● RECORDS FOR THIS EXERCISE
####################

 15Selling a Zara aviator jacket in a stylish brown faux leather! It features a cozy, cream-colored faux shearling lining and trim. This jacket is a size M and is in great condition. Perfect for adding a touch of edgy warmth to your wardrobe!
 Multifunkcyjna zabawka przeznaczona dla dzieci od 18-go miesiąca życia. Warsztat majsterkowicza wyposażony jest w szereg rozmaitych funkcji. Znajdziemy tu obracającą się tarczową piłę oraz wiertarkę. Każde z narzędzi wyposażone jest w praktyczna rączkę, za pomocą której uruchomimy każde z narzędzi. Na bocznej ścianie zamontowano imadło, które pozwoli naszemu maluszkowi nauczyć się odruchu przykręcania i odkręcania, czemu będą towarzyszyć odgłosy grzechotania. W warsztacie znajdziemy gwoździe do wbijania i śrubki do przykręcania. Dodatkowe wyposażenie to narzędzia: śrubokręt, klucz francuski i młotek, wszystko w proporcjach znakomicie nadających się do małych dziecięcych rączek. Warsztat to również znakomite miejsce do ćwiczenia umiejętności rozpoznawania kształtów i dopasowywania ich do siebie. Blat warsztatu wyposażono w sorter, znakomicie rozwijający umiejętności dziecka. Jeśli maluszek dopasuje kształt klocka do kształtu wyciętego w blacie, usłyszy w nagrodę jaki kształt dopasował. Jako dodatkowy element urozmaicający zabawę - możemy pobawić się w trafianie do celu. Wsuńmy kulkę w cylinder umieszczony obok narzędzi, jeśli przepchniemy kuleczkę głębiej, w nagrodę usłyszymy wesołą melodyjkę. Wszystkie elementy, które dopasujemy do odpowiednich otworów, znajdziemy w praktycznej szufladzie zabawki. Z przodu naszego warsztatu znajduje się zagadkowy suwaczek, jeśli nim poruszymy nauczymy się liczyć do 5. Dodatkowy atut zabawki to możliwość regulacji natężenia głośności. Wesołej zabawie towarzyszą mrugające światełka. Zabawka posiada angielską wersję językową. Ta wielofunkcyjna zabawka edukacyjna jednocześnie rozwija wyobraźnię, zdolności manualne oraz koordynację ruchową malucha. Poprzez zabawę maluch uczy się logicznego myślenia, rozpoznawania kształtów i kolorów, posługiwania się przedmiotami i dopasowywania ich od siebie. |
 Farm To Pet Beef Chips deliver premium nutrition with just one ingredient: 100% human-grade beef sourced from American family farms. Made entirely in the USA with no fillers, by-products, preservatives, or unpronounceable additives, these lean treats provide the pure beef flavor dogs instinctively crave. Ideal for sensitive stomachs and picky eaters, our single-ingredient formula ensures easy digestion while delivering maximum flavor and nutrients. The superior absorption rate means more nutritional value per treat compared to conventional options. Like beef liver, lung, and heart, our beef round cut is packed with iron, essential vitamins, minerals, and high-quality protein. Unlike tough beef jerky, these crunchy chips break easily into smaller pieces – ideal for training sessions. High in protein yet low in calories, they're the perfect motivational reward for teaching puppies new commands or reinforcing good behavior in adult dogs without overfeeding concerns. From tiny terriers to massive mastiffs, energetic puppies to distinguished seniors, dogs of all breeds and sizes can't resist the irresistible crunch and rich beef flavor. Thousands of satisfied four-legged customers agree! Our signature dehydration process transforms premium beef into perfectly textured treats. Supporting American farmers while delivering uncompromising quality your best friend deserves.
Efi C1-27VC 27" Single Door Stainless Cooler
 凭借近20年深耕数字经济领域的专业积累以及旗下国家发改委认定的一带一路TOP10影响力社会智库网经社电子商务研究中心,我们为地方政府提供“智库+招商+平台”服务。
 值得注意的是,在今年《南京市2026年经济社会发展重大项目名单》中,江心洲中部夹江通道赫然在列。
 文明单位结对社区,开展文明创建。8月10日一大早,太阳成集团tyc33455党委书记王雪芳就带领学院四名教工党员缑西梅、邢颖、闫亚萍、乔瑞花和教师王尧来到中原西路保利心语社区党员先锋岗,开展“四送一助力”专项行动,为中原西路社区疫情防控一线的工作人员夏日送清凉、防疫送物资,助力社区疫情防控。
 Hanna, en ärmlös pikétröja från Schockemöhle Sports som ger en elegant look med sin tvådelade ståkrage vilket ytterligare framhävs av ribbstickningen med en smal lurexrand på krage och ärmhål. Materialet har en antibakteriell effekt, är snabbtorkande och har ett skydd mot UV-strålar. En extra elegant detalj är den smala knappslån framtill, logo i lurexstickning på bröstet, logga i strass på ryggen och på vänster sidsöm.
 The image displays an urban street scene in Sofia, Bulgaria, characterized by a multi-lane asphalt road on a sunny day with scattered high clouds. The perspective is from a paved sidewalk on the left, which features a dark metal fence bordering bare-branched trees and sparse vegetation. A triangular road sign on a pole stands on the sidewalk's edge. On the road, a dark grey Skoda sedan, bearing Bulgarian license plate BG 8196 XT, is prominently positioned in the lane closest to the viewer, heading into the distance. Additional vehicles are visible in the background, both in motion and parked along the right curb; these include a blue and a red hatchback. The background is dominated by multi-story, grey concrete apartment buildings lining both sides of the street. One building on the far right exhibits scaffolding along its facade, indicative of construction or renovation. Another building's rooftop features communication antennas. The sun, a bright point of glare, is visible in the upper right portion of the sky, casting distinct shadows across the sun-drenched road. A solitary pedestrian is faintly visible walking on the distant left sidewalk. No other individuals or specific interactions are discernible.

####################

● WHAT THE TASK REQUIRES
Output only an exact transcription of the lines above from the one with "Farm To Pet" up to and including the one with "文明单位结对社区,开展文明创".

● ANSWER TO THIS TASK
 Farm To Pet Beef Chips deliver premium nutrition with just one ingredient: 100% human-grade beef sourced from American family farms. Made entirely in the USA with no fillers, by-products, preservatives, or unpronounceable additives, these lean treats provide the pure beef flavor dogs instinctively crave. Ideal for sensitive stomachs and picky eaters, our single-ingredient formula ensures easy digestion while delivering maximum flavor and nutrients. The superior absorption rate means more nutritional value per treat compared to conventional options. Like beef liver, lung, and heart, our beef round cut is packed with iron, essential vitamins, minerals, and high-quality protein. Unlike tough beef jerky, these crunchy chips break easily into smaller pieces – ideal for training sessions. High in protein yet low in calories, they're the perfect motivational reward for teaching puppies new commands or reinforcing good behavior in adult dogs without overfeeding concerns. From tiny terriers to massive mastiffs, energetic puppies to distinguished seniors, dogs of all breeds and sizes can't resist the irresistible crunch and rich beef flavor. Thousands of satisfied four-legged customers agree! Our signature dehydration process transforms premium beef into perfectly textured treats. Supporting American farmers while delivering uncompromising quality your best friend deserves.
Efi C1-27VC 27" Single Door Stainless Cooler
 凭借近20年深耕数字经济领域的专业积累以及旗下国家发改委认定的一带一路TOP10影响力社会智库网经社电子商务研究中心,我们为地方政府提供“智库+招商+平台”服务。
 值得注意的是,在今年《南京市2026年经济社会发展重大项目名单》中,江心洲中部夹江通道赫然在列。
 文明单位结对社区,开展文明创建。8月10日一大早,太阳成集团tyc33455党委书记王雪芳就带领学院四名教工党员缑西梅、邢颖、闫亚萍、乔瑞花和教师王尧来到中原西路保利心语社区党员先锋岗,开展“四送一助力”专项行动,为中原西路社区疫情防控一线的工作人员夏日送清凉、防疫送物资,助力社区疫情防控。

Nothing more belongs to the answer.